* **Supplied information**:
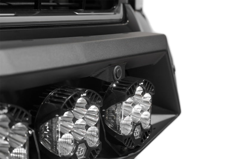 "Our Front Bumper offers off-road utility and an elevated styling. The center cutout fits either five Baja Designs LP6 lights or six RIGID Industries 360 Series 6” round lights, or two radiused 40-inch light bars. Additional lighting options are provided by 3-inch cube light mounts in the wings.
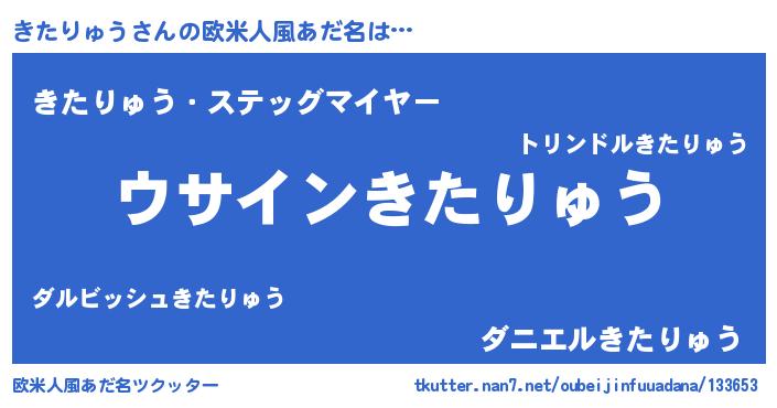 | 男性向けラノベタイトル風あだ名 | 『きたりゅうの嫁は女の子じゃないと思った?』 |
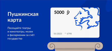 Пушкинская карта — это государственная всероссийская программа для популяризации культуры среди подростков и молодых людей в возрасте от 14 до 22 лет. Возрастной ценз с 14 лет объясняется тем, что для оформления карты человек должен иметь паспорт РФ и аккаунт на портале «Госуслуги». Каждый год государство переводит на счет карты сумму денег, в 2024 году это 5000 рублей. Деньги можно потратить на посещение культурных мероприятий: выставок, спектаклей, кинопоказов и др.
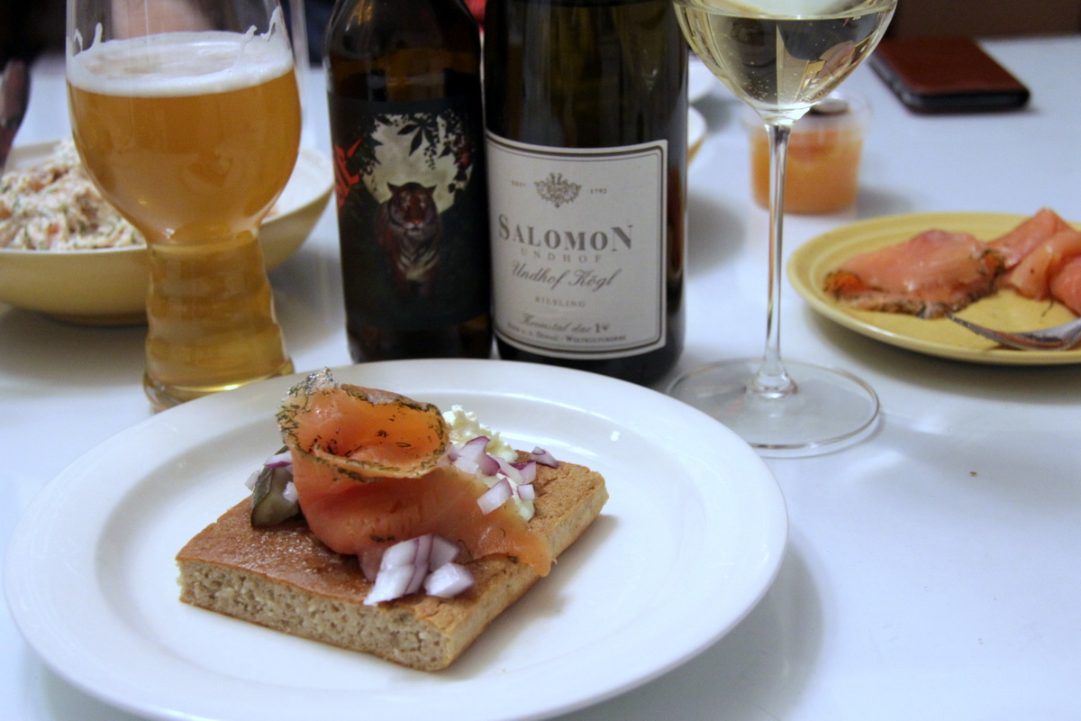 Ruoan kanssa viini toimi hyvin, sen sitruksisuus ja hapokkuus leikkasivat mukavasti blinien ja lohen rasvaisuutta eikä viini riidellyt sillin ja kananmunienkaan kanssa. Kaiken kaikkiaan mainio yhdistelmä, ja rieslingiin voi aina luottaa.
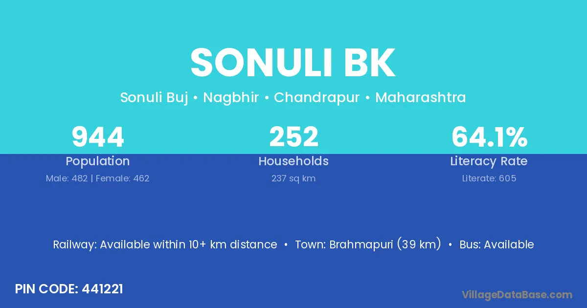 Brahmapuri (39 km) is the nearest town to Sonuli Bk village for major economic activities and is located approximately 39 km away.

* **Required action**: An exact copy is needed of only the lines from the top of the material through the line with "男性向けラノベタイトル風あだ名 | 『きたりゅうの嫁は女の子じゃないと思った?』 |"; no pictures belong in it.

* **Answer for the task**:
 "Our Front Bumper offers off-road utility and an elevated styling. The center cutout fits either five Baja Designs LP6 lights or six RIGID Industries 360 Series 6” round lights, or two radiused 40-inch light bars. Additional lighting options are provided by 3-inch cube light mounts in the wings.
 | 男性向けラノベタイトル風あだ名 | 『きたりゅうの嫁は女の子じゃないと思った?』 |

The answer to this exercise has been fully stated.